Reform Issue 77 Spring 2000

This article appeared on pages 16 - 18 of the original journal.

Court communications

In this article, Deborah Sweeney* expresses her views about effective communication in the courtroom, in the Local Court.

The Local Court, in which I, as a magistrate, hear and decide cases, deals with more than 90 per cent of the cases before courts in New South Wales. Most people who go to court in New South Wales will have their first, or only, experience of a court in the Local Court. The Local Court deals with approximately one quarter of a million cases each year.

The work of the court covers a broad range of matters including criminal prosecutions of adults and children (children’s matters being heard in the Children’s Court); civil claims up to $40,000 (generally claims for money for loss or damage caused by another person); apprehended violence orders; family law applications; industrial matters (including prosecutions for breaches of work safety laws); and mental health inquiries, to decide if people should be kept in hospitals involuntarily for psychiatric treatment.
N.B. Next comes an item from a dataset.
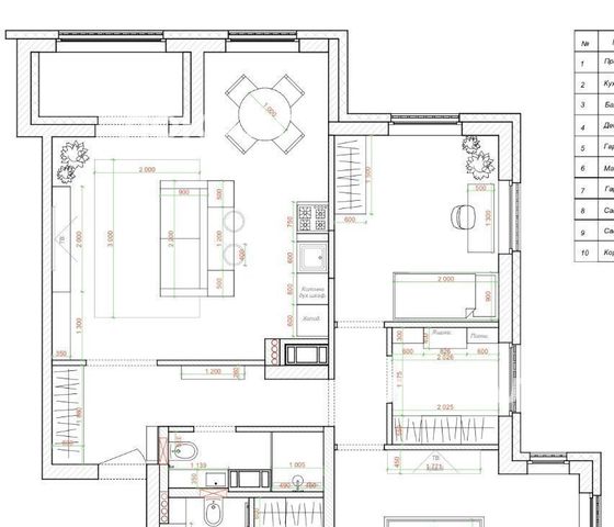 Кухня-гостиная со столовой зоной. Современная кухонная мебель, со встроенным холодильником, посудомоечной машиной, индукционной варочной панелью, и духовым шкафом. (техника проверенных марок Воsсh, Gоrеnjе, АЕG.) Остров с барными стульями. Столешница компакт-плита (hpl столешница). В столовой зоне стол из шпона дуба на 4 персоны с мягкими стульями из массива бука. В зоне гостиной диван-кровать, ТВ 55 дюймов, оформленная ТВ зона с хранением.

Criminal prosecutions, where a prosecuting authority such as the police or the Director of Public Prosecutions (DPP) brings a charge against a person, range from breaches of traffic laws to sexual and other assaults, breaking and entering, fraud, stealing or other dishonesty offences, and supplying drugs. Wherever the offence charged stands in the range of seriousness of criminal offences, it is serious and important to the person who comes to court to either defend the charge or plead guilty and ask the court to take matters into account when sentencing. The same applies to people bringing civil cases or seeking family law orders.

The people who come to the Local Court to have their cases heard represent a broad range of the community, including corporations and businesses, both large and small, well educated professionals, children from the age of 10-years-old, people who are long-term unemployed, people who are not highly educated, people from disadvantaged parts of society, people who have an intellectual disability, people who have little or no understanding of the English language, and people with limited literacy skills. Some people are legally represented; many are not, and appear in person to present their cases. In the year July 1998 to June 1999 just under 55 per cent of persons charged with criminal offences were legally represented.1 Unrepresented persons tend to appear in lower numbers in civil than in criminal cases.

To me, it is fundamentally important that people who come to court are able to participate in their hearing, in the sense of fully understanding what happens during the hearing as well as the court’s decision and reasoning.

Courtrooms are formal places, both in their physical layout and their atmosphere. They will be unfamiliar to people who do not work or appear in courts regularly. Many people who come to court, whether or not they are represented by a lawyer, will probably find the courtroom intimidating because of this unfamiliarity. Several studies have reported such reactions.2 Many people who come into court do not know where they should sit or stand, what will happen, when they should speak or what they should say. The daunting nature of the courtroom and the experience of being in court may affect people’s ability to understand what is said to them or to express themselves.

People coming to court will usually not be familiar with court procedures, which are familiar to lawyers and people who work in courts. Familiarity with court procedures by people who are often in court means that some things may happen fairly quickly; but people who are not familiar with the procedures may not understand what is happening. Difficulties in understanding court procedures may be increased if people do not speak English or have a mental disability.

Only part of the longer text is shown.